*** STORED DATA Section Begins ***

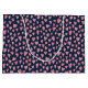 Cute pink watercolor hearts pattern gift bag in navy blue. Matching items and other colours available. Artwork from artists own illustrations.
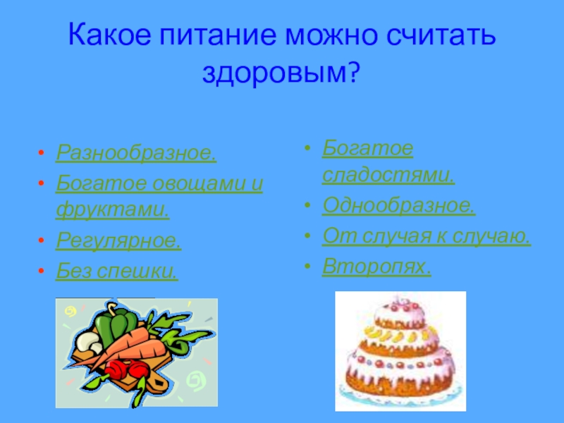 Какое питание можно считать здоровым?Разнообразное.Богатое овощами и фруктами.Регулярное.Без спешки.Богатое сладостями.Однообразное.От случая к случаю.Второпях.
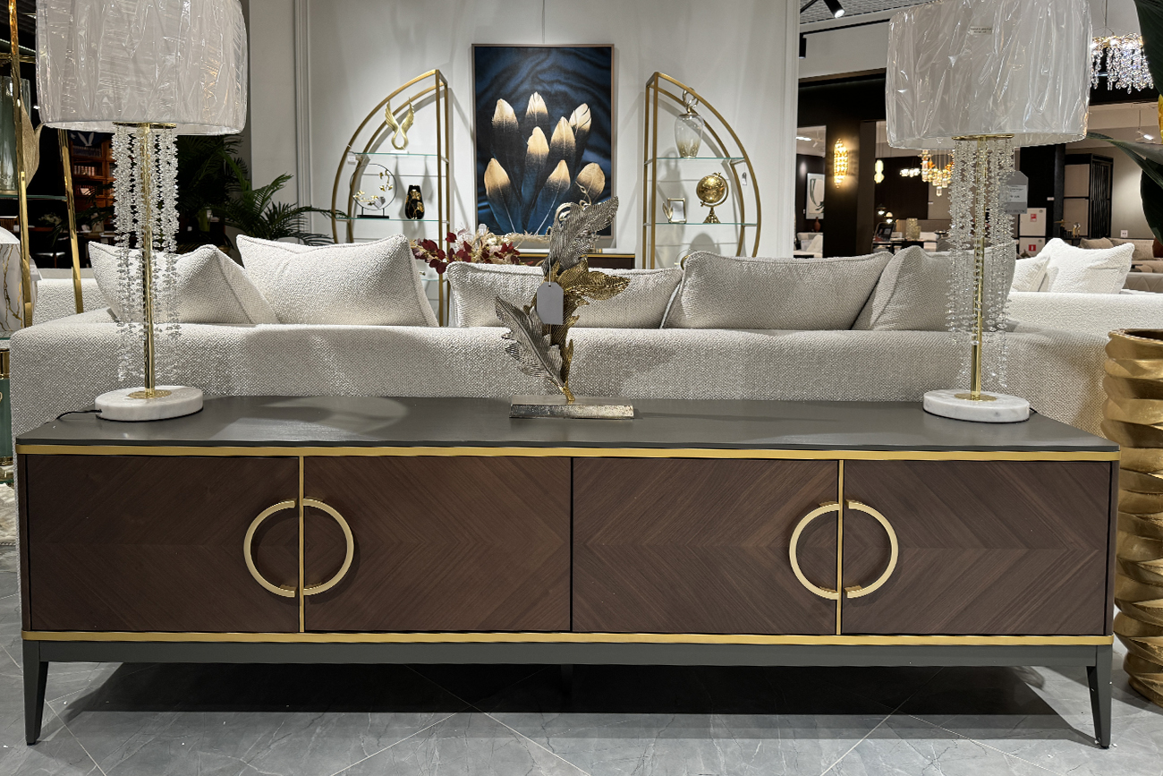 Тумба под телевизор в отделке тёмным шпоном — выразительное решение для интерьера с продуманной геометрией и благородным характером. Глубокий древесный рисунок фасадов подчеркнут тонким кантом и эффектными кольцевыми ручками, создающими ощущение современной классики. Чёткие линии корпуса уравновешены лёгкими опорами, благодаря чему модель выглядит визуально стройно и дорого. Вместительная тумба под телевизор с распашными дверцами помогает аккуратно организовать хранение техники и аксессуаров. Тумба под TV 4-х дверная из коллекции "ШПОН". Коллекция "ШПОН" является авторской разработкой студии Garda Studio, в стиле ар-деко.Габариты тумбы:ширина-200см, глубина-58см, высота-40см. Фасады коллекции "ШПОН" облицованы шпоном под цвет "Американский орех", украшены объемными полукруглыми ручками цвета "матовое золото"(ручки-металл) и декоративными элементами из массива бука под цвет "матовое золото". В состав коллекции так же входит: тумба прикроватная-арт.151SV-10001; консоль-арт.151SV-10002

*** STORED DATA Section Ends ***

• _ASSIGNMENT_: In your copy, include no pictures; print every line above exactly.

• _ANSWER SECTION_:
 Cute pink watercolor hearts pattern gift bag in navy blue. Matching items and other colours available. Artwork from artists own illustrations.
 Какое питание можно считать здоровым?Разнообразное.Богатое овощами и фруктами.Регулярное.Без спешки.Богатое сладостями.Однообразное.От случая к случаю.Второпях.
 Тумба под телевизор в отделке тёмным шпоном — выразительное решение для интерьера с продуманной геометрией и благородным характером. Глубокий древесный рисунок фасадов подчеркнут тонким кантом и эффектными кольцевыми ручками, создающими ощущение современной классики. Чёткие линии корпуса уравновешены лёгкими опорами, благодаря чему модель выглядит визуально стройно и дорого. Вместительная тумба под телевизор с распашными дверцами помогает аккуратно организовать хранение техники и аксессуаров. Тумба под TV 4-х дверная из коллекции "ШПОН". Коллекция "ШПОН" является авторской разработкой студии Garda Studio, в стиле ар-деко.Габариты тумбы:ширина-200см, глубина-58см, высота-40см. Фасады коллекции "ШПОН" облицованы шпоном под цвет "Американский орех", украшены объемными полукруглыми ручками цвета "матовое золото"(ручки-металл) и декоративными элементами из массива бука под цвет "матовое золото". В состав коллекции так же входит: тумба прикроватная-арт.151SV-10001; консоль-арт.151SV-10002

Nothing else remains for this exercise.